● **Work instruction**: Below is a listing to repeat exactly, with its pictures left out.

[Opening Data section section]

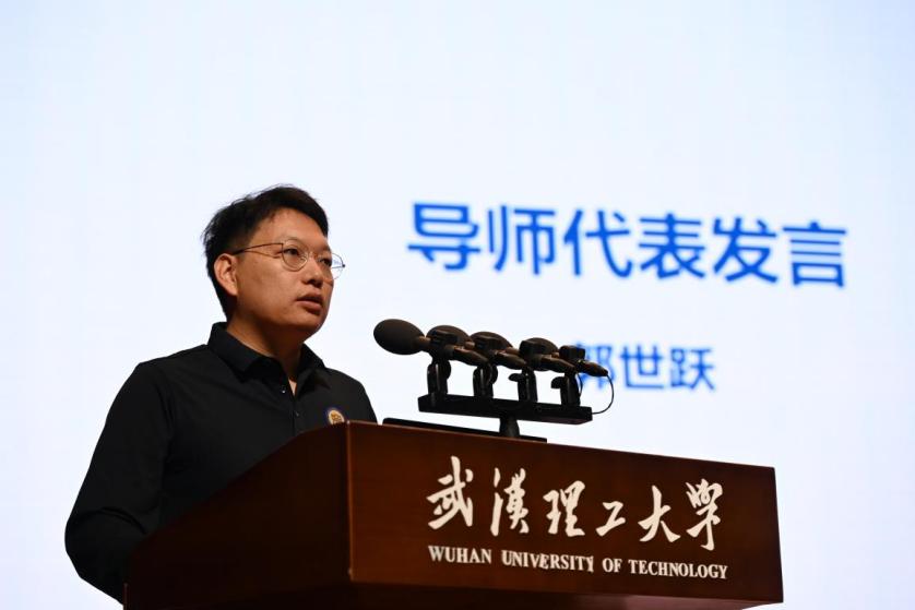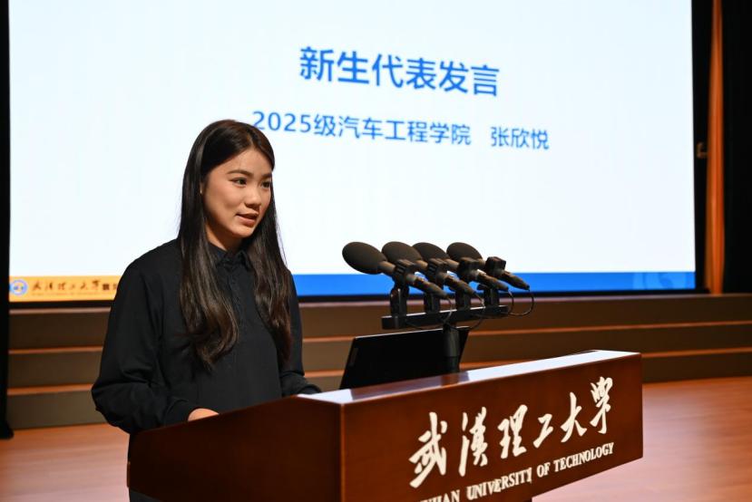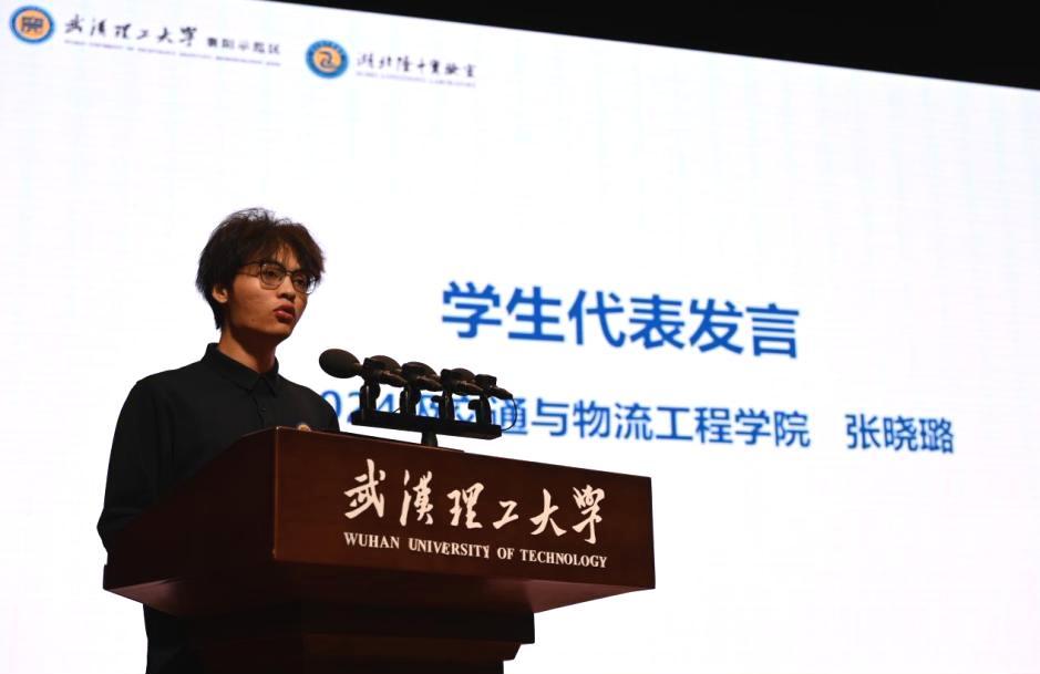 导师代表湖北隆中实验室郭世跃副研究员、在襄老生代表交通物流学院2024级研究生张晓璐、新生代表汽车学院2025级研究生张欣悦分别在入学教育上发言。
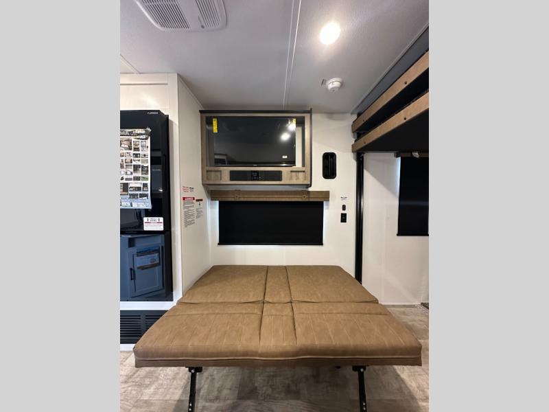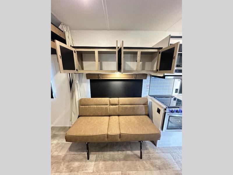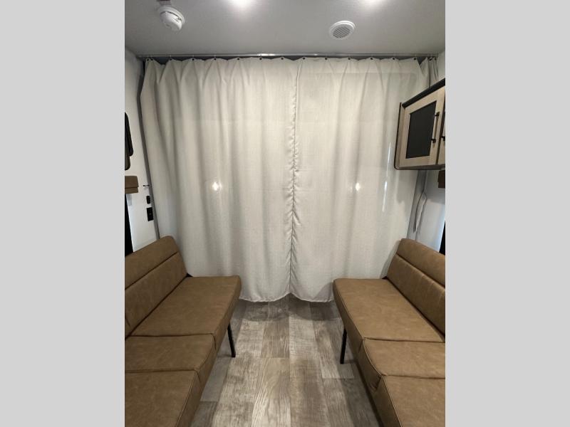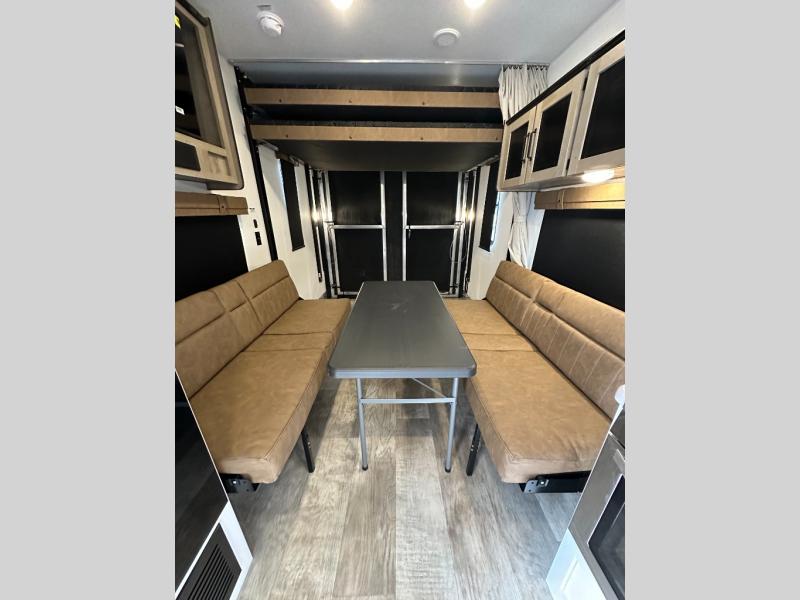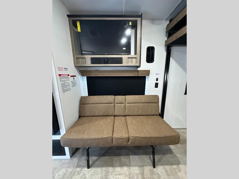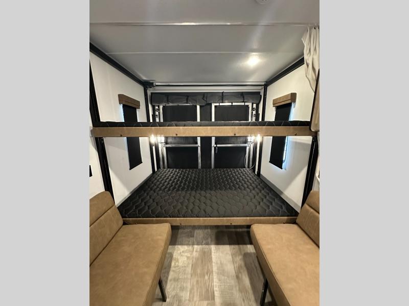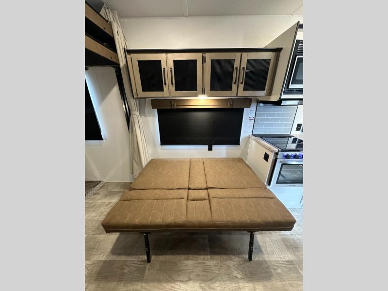 Multipurpose Furnishings: Two flip-up sleeper sofas plus a dinette provide both seating and sleep space. An optional electric lift queen bed is available for added sleeping capacity.
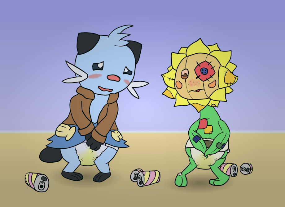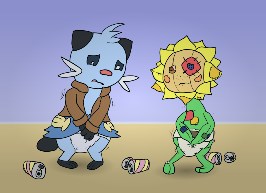 A contest to see who can holding the longest between Oscar the Dewott and Reese the Sunflora.
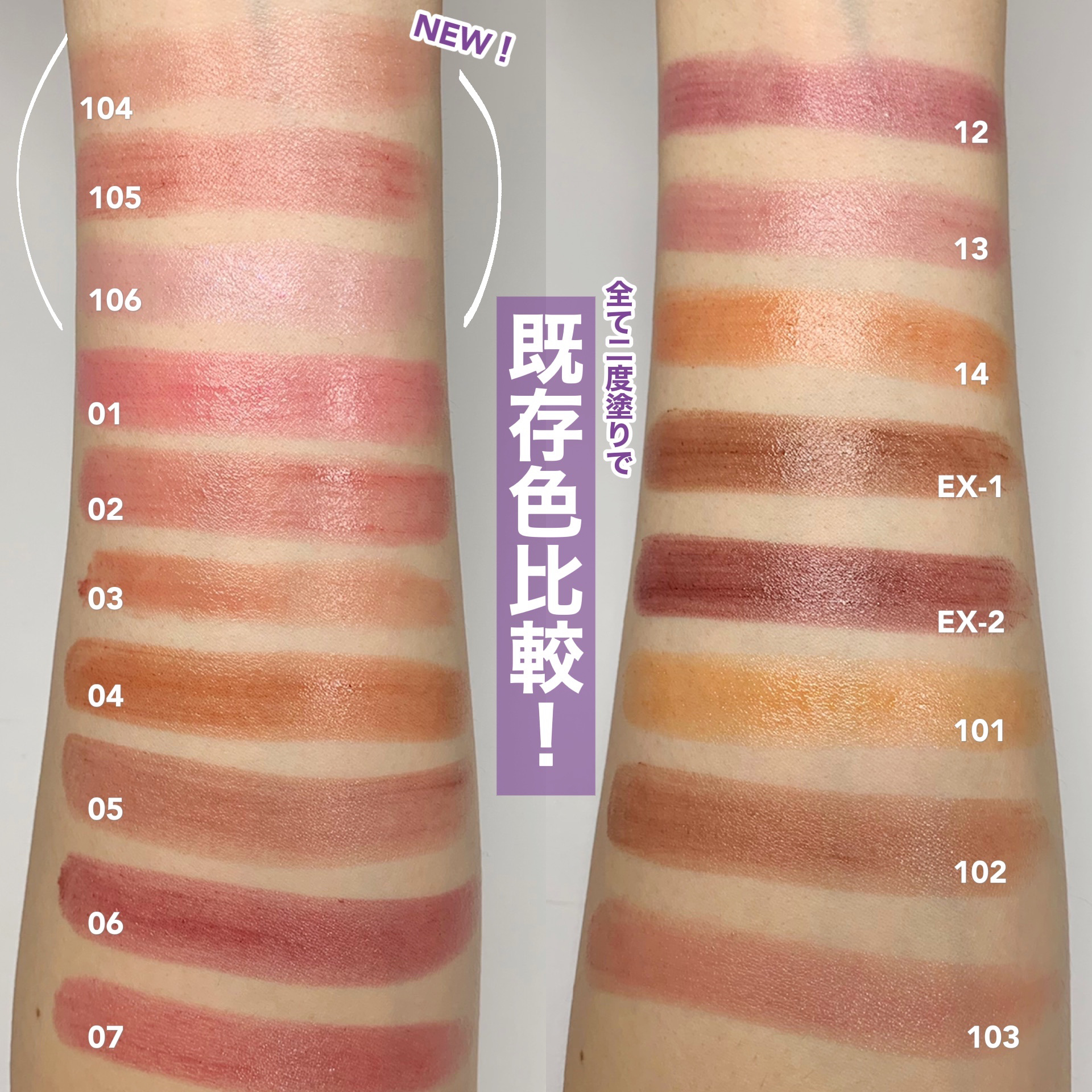 めっちゃくちゃ進化してるーーー😳😳😳 ブラシでも指でも取った瞬間の柔らかさが桁違いに良くなってる!!! ふわっとブレンドしやすくてボカしやすい!!! 05トフィーナッツラテはデイリー使いしやすい ナチュラル発色でかなり自然な仕上がり🥜 今っぽい色味で盛らずに陰影で盛る感じです💗 明度にしっかり差があって陰影をつけやすい◎ 06バニラティーラテはほろ苦ピンクメイクに🎀 05と比較するとかなり強い発色で スモーキーメイクに合いそうなパレット! パレット左から2番目のホワイトラメが ほんとに可愛くて透けるように光る感じ💎

[Closing Data section section]

● **Result**:
 导师代表湖北隆中实验室郭世跃副研究员、在襄老生代表交通物流学院2024级研究生张晓璐、新生代表汽车学院2025级研究生张欣悦分别在入学教育上发言。
 Multipurpose Furnishings: Two flip-up sleeper sofas plus a dinette provide both seating and sleep space. An optional electric lift queen bed is available for added sleeping capacity.
 A contest to see who can holding the longest between Oscar the Dewott and Reese the Sunflora.
 めっちゃくちゃ進化してるーーー😳😳😳 ブラシでも指でも取った瞬間の柔らかさが桁違いに良くなってる!!! ふわっとブレンドしやすくてボカしやすい!!! 05トフィーナッツラテはデイリー使いしやすい ナチュラル発色でかなり自然な仕上がり🥜 今っぽい色味で盛らずに陰影で盛る感じです💗 明度にしっかり差があって陰影をつけやすい◎ 06バニラティーラテはほろ苦ピンクメイクに🎀 05と比較するとかなり強い発色で スモーキーメイクに合いそうなパレット! パレット左から2番目のホワイトラメが ほんとに可愛くて透けるように光る感じ💎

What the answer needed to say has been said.